Według mieszkańców powiatu łowickiego, Ukraińcy przyjmując gorsze warunki zatrudnienia wypierają ich z rynku pracy. Powołując się na sytuację w spółce Agros Nova twierdzą, że lokalne firmy wolą zatrudniać Ukraińców, niż Polaków, m.in. ze względu na niższe koszty.

Jak informuje „Dziennik Łódzki”, pod koniec 2016 roku agencja pośrednictwa pracy z Piaseczna poszukiwała 60 osób chętnych do pracy dla łowickiego zakładu przetwórstwa owoców i warzyw. Chodzi o spółkę Agros Nova, będącą częścią Grupy Maspex Wadowice. Do Powiatowego Urzędu Pracy wezwano głównie bezrobotnych z Łowicza, proponując im 12-godzinny dzień pracy od poniedziałku do soboty. Za godzinową stawkę 11,6 zł brutto.

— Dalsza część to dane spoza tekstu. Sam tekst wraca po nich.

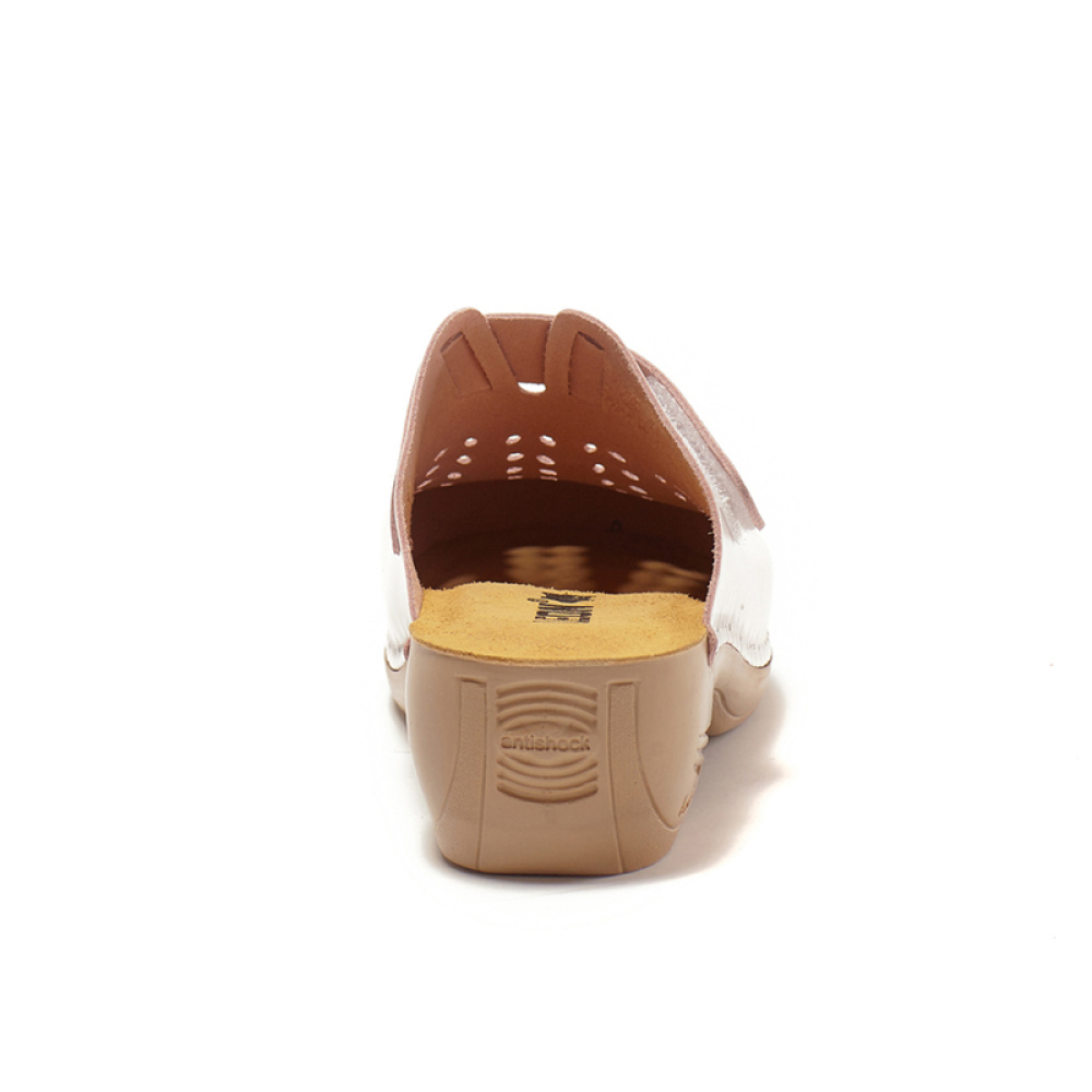 Модель має неслизьку антистатичну підошву з поліуретану, що перешкоджає сильному ударному навантаженню на суглоби під час ходьби. Жіночі сабо 161 виконані з натуральної шкіри високої якості. Функціональним елементом дизайну моделі виступає ремінець, що дозволяє фіксувати взуття по стопі. Закритий носок має перфорацію, що створюють оригінальне оформлення і суттєво поліпшують повітропроникність взуття.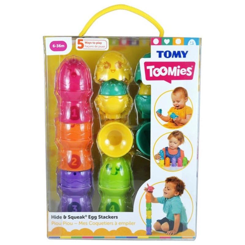 Contents: 6x TOMY Toomies Hide & Squeak Eggs & egg cupsOpen the eggs to reveal a cute chickPress the chicks to hear them cheep!Easy to grasp, stack and fit togetherTurn them over to discover different shapesMatch shapes and coloursIntroduce numbers one to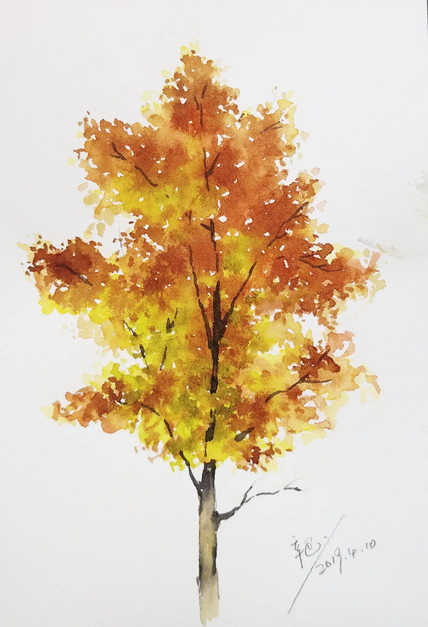 最近的手绘水彩大树
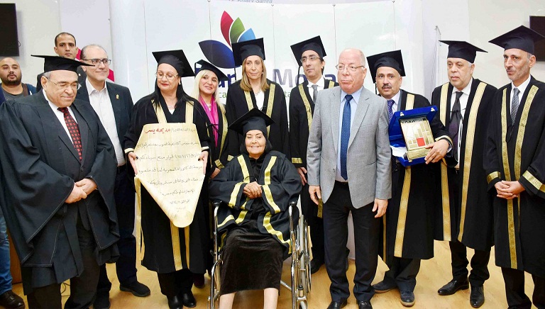 ولذلك أقر مجلس أكاديمية الفنون ، برئاسة الدكتورة أحلام يونس ، الدكتور عادل يحيي نائب رئيس الأكاديمية ، الدكتور أشرف زكي عميد المعهد العالي للفنون المسرحية، الدكتوره لمياء زايد،عميد المعهد العالي للباليه. الدكتور مصطفي جرانه، عميد المعهد العالي للكونسرفتوار، الدكتوره نيفين الكيلاني،،وكيل المعهد العالي للنقد الفني، الدكتور محسن التوني عميد المعهد العالي للسينما، مصطفي الفقي عضو مجلس الاكاديمية. محمود صبري الشبراوي عضو مجلس الأكاديمية. بجلسته المنعقدة رقم 342 منحها درجة الدكتوراه الفخرية” تقديرا لمشوارهما الفني ، حضر الحفل كوكبة من الفنانين والإعلاميين منهم الفنانه سميحه ايوب ، مرفت أمين ،انوشكا، الهام شاهين ، ليلي علوي ،ساندرا نشأت ،دلال عبد العزيز، سمير صبري، رجاء الجداوي ، وائل الابراشي ، سامح الصريطي ، رامي راضون ، الأب بطرس دانيال رئيس المركز الكاثوليكي للسينما ، الشاعر جمال بخيت،هاني البحيري،ايمن عزب،حسن الرداد، ايمي سمير غانم.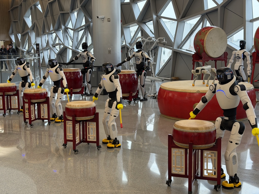 灵犀X2机器人组队表演。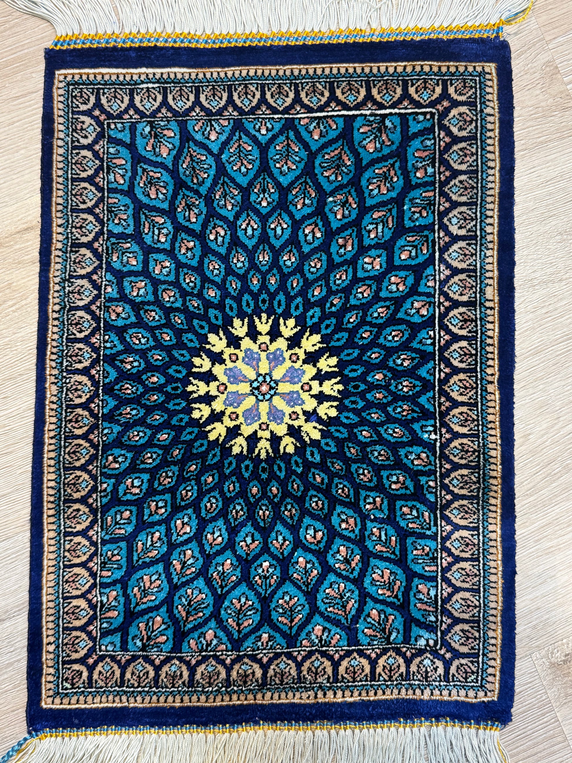 Handwoven from the finest silk and enriched with natural plant-based dyes, the palette of deep sapphire, ivory, and soft gold glows with quiet brilliance. A refined blend of cosmic elegance and artisanal mastery, this piece brings timeless grace and spiritual stillness to any interior.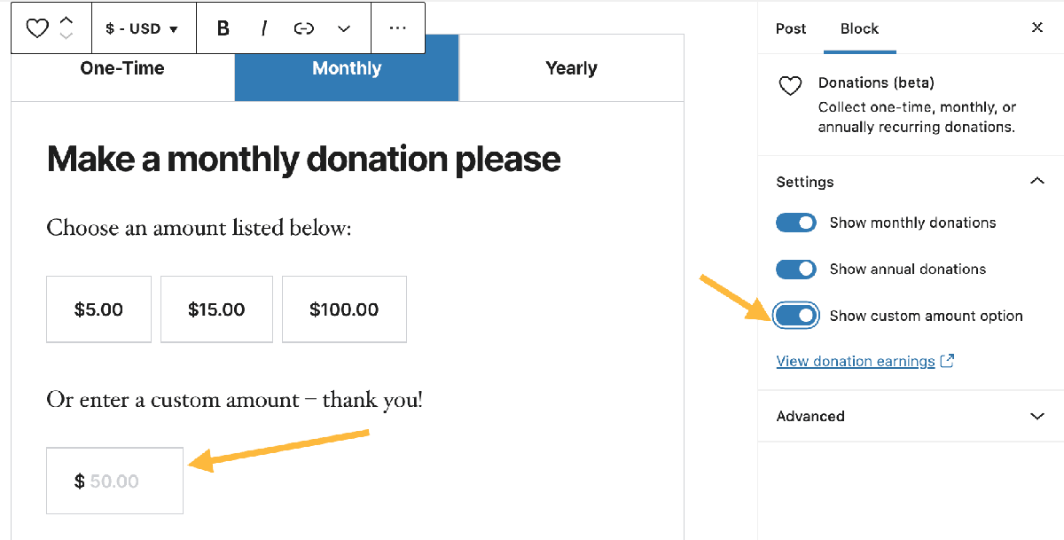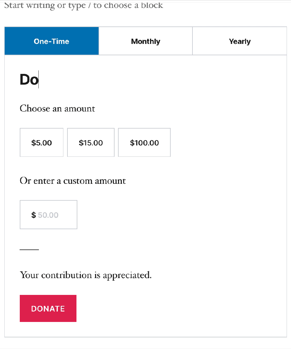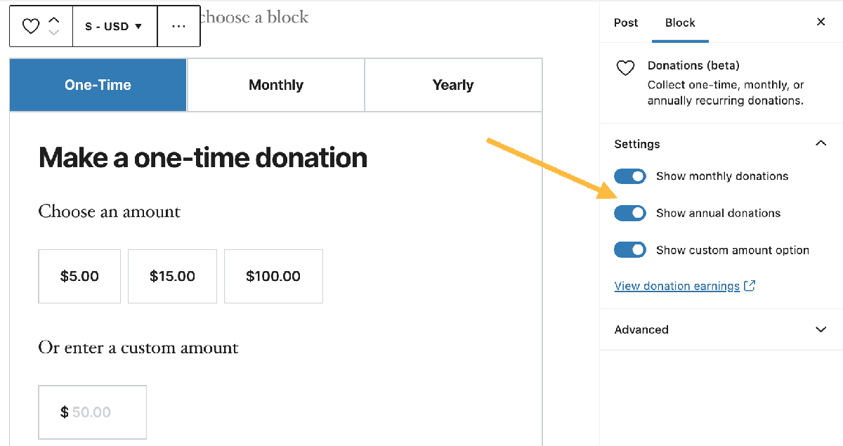 Cuando ya hayas conectado tu cuenta de Stripe, configura las opciones del bloque; como, por ejemplo, si pedir donaciones únicas, mensuales o anuales.

Przedstawiciele PUP w Łowiczu informują, że 16 osób zostało skierowanych do pracy, natomiast 14 osób odmówiło podjęcia pracy – w efekcie tracąc status bezrobotnego. Wówczas agencja z Piaseczna złożyła wniosek do starosty łowickiego o wydanie zaświadczenia o braku zainteresowania podjęciem pracy przez obywateli naszego kraju. Co otwarło drogę do zatrudnienia obcokrajowców. W tym Ukraińców, którzy pracują już w innych zakładach w okolicy.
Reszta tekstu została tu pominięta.